(Saved entries)
= Beginning of Section =

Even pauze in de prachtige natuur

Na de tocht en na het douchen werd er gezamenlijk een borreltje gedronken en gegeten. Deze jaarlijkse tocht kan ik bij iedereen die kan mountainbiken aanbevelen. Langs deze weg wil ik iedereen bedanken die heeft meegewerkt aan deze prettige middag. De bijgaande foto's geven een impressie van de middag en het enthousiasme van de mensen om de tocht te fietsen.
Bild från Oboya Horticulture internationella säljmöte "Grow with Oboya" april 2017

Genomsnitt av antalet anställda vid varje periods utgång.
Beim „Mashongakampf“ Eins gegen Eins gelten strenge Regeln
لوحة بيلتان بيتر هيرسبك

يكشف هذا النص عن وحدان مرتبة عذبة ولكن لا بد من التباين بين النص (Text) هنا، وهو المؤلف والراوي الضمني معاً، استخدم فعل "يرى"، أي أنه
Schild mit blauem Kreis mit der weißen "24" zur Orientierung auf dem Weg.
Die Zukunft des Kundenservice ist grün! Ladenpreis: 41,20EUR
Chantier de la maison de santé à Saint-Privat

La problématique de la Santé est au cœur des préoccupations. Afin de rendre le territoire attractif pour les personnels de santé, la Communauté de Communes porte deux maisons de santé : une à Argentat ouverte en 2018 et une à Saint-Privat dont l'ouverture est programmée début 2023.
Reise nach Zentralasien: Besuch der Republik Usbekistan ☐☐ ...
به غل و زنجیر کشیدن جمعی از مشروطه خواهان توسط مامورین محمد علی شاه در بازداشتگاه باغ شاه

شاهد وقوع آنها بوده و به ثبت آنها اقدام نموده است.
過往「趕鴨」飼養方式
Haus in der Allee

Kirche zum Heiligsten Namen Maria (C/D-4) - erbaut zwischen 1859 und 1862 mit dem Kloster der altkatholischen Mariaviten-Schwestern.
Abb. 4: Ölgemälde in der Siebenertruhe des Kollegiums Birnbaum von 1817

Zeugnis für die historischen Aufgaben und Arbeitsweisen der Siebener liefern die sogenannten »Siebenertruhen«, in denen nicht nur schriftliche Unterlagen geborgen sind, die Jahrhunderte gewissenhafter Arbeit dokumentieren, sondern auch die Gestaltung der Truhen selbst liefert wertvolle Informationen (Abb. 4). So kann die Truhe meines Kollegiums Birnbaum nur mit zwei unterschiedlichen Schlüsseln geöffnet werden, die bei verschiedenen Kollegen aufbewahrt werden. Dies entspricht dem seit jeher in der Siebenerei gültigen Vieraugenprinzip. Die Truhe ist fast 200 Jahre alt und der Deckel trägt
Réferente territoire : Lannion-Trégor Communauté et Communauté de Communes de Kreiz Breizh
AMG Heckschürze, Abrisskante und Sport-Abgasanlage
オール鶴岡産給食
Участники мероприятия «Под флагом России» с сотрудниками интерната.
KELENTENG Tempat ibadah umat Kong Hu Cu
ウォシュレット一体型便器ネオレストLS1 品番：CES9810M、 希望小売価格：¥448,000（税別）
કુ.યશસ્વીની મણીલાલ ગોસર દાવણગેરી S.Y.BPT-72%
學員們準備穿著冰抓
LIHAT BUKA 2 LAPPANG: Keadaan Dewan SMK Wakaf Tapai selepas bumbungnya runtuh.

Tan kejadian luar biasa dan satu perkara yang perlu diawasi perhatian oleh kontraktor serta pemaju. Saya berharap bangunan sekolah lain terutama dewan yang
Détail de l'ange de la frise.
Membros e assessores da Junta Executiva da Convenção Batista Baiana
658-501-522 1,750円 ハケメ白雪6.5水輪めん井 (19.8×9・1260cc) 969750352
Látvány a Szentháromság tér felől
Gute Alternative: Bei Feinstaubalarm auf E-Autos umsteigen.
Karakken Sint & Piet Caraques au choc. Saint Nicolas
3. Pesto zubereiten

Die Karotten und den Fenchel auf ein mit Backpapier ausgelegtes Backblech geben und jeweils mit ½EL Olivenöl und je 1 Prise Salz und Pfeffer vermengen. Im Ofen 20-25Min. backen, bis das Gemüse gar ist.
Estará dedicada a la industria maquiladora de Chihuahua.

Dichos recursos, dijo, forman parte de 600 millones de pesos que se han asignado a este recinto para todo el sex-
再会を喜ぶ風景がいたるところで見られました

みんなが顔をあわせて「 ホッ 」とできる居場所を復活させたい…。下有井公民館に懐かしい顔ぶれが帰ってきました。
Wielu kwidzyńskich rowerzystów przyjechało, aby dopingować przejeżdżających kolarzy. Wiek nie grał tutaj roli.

= End of Section =

▶ Problem statement:
Write the records out again, character for character.

▶ Answer for this exercise:
Even pauze in de prachtige natuur

Na de tocht en na het douchen werd er gezamenlijk een borreltje gedronken en gegeten. Deze jaarlijkse tocht kan ik bij iedereen die kan mountainbiken aanbevelen. Langs deze weg wil ik iedereen bedanken die heeft meegewerkt aan deze prettige middag. De bijgaande foto's geven een impressie van de middag en het enthousiasme van de mensen om de tocht te fietsen.
Bild från Oboya Horticulture internationella säljmöte "Grow with Oboya" april 2017

Genomsnitt av antalet anställda vid varje periods utgång.
Beim „Mashongakampf“ Eins gegen Eins gelten strenge Regeln
لوحة بيلتان بيتر هيرسبك

يكشف هذا النص عن وحدان مرتبة عذبة ولكن لا بد من التباين بين النص (Text) هنا، وهو المؤلف والراوي الضمني معاً، استخدم فعل "يرى"، أي أنه
Schild mit blauem Kreis mit der weißen "24" zur Orientierung auf dem Weg.
Die Zukunft des Kundenservice ist grün! Ladenpreis: 41,20EUR
Chantier de la maison de santé à Saint-Privat

La problématique de la Santé est au cœur des préoccupations. Afin de rendre le territoire attractif pour les personnels de santé, la Communauté de Communes porte deux maisons de santé : une à Argentat ouverte en 2018 et une à Saint-Privat dont l'ouverture est programmée début 2023.
Reise nach Zentralasien: Besuch der Republik Usbekistan ☐☐ ...
به غل و زنجیر کشیدن جمعی از مشروطه خواهان توسط مامورین محمد علی شاه در بازداشتگاه باغ شاه

شاهد وقوع آنها بوده و به ثبت آنها اقدام نموده است.
過往「趕鴨」飼養方式
Haus in der Allee

Kirche zum Heiligsten Namen Maria (C/D-4) - erbaut zwischen 1859 und 1862 mit dem Kloster der altkatholischen Mariaviten-Schwestern.
Abb. 4: Ölgemälde in der Siebenertruhe des Kollegiums Birnbaum von 1817

Zeugnis für die historischen Aufgaben und Arbeitsweisen der Siebener liefern die sogenannten »Siebenertruhen«, in denen nicht nur schriftliche Unterlagen geborgen sind, die Jahrhunderte gewissenhafter Arbeit dokumentieren, sondern auch die Gestaltung der Truhen selbst liefert wertvolle Informationen (Abb. 4). So kann die Truhe meines Kollegiums Birnbaum nur mit zwei unterschiedlichen Schlüsseln geöffnet werden, die bei verschiedenen Kollegen aufbewahrt werden. Dies entspricht dem seit jeher in der Siebenerei gültigen Vieraugenprinzip. Die Truhe ist fast 200 Jahre alt und der Deckel trägt
Réferente territoire : Lannion-Trégor Communauté et Communauté de Communes de Kreiz Breizh
AMG Heckschürze, Abrisskante und Sport-Abgasanlage
オール鶴岡産給食
Участники мероприятия «Под флагом России» с сотрудниками интерната.
KELENTENG Tempat ibadah umat Kong Hu Cu
ウォシュレット一体型便器ネオレストLS1 品番：CES9810M、 希望小売価格：¥448,000（税別）
કુ.યશસ્વીની મણીલાલ ગોસર દાવણગેરી S.Y.BPT-72%
學員們準備穿著冰抓
LIHAT BUKA 2 LAPPANG: Keadaan Dewan SMK Wakaf Tapai selepas bumbungnya runtuh.

Tan kejadian luar biasa dan satu perkara yang perlu diawasi perhatian oleh kontraktor serta pemaju. Saya berharap bangunan sekolah lain terutama dewan yang
Détail de l'ange de la frise.
Membros e assessores da Junta Executiva da Convenção Batista Baiana
658-501-522 1,750円 ハケメ白雪6.5水輪めん井 (19.8×9・1260cc) 969750352
Látvány a Szentháromság tér felől
Gute Alternative: Bei Feinstaubalarm auf E-Autos umsteigen.
Karakken Sint & Piet Caraques au choc. Saint Nicolas
3. Pesto zubereiten

Die Karotten und den Fenchel auf ein mit Backpapier ausgelegtes Backblech geben und jeweils mit ½EL Olivenöl und je 1 Prise Salz und Pfeffer vermengen. Im Ofen 20-25Min. backen, bis das Gemüse gar ist.
Estará dedicada a la industria maquiladora de Chihuahua.

Dichos recursos, dijo, forman parte de 600 millones de pesos que se han asignado a este recinto para todo el sex-
再会を喜ぶ風景がいたるところで見られました

みんなが顔をあわせて「 ホッ 」とできる居場所を復活させたい…。下有井公民館に懐かしい顔ぶれが帰ってきました。
Wielu kwidzyńskich rowerzystów przyjechało, aby dopingować przejeżdżających kolarzy. Wiek nie grał tutaj roli.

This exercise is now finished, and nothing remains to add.